He was communicating to me that he probably wouldn’t live too much longer and that I should understand that one day he would die.
I think he also may have made statements about me needing to “get along with her” if he died but I really don’t know.
For the life of me – dear God – I don’t know what he said that night – all I can do is simply reconstruct recollections of the expressions of a depressed and hopeless man to his fifteen-year-old daughter. The reality of his words were like a horrifying black hole of inevitability and I only remember telling him (maybe, telling him) that “that wouldn’t happen.”
Maybe I said that. I don’t know if I cried.

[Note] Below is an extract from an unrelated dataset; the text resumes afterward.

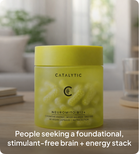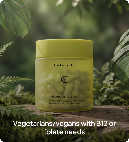 Bioactive means the nutrient is already in the form your body can immediately absorb and use—no conversions, no inefficiencies. NeuroMito B12+ uses methylcobalamin (not synthetic cyanocobalamin), active folate (Quatrefolic®), and P5P (the coenzyme form of B6), so your body doesn’t have to “work” to activate them. That’s smarter nutrition with better results.

I think I said, “don’t talk like that.”
But, maybe that’s some vague recollection of something I may have said to some other person…years later…
But I know what I fantasized.
Maybe it began then or maybe even earlier…I can recall in middle school sitting in the car with him between Sunday School and Church and talking about my mother’s craziness.
I don’t recall the details of the conversations, only that gradually as I grew older there was some sort of commiseratory discussions over how she acted, what was wrong with her, how it upset him and me – along with warnings or instructions to me on how to behave and interact with her.
Dear God I can’t even remember it all.
I can remember asking my Daddy why he married her and “was she always that way?”
I can remember him saying that she got much worse after I was born because she didn’t have anything to occupy her mind, that when she worked it wasn’t as bad – although my Daddy also told me that after I was born and she tried to work she kept getting fired because she bossed everyone else in the office around.
I can remember around middle school maybe even before asking my Daddy why he just didn’t divorce her. I had heard of something called “divorce” and I thought it made sense.
I remember my Daddy telling me that he couldn’t, because she would “take him for everything he had (including me).”
The “including me” part I think he may have told me directly, that if he did that I’d probably have to live with her, which scared me, but I know for sure when I visited with my dad’s best friend when I was 26 he told me many things that he knew.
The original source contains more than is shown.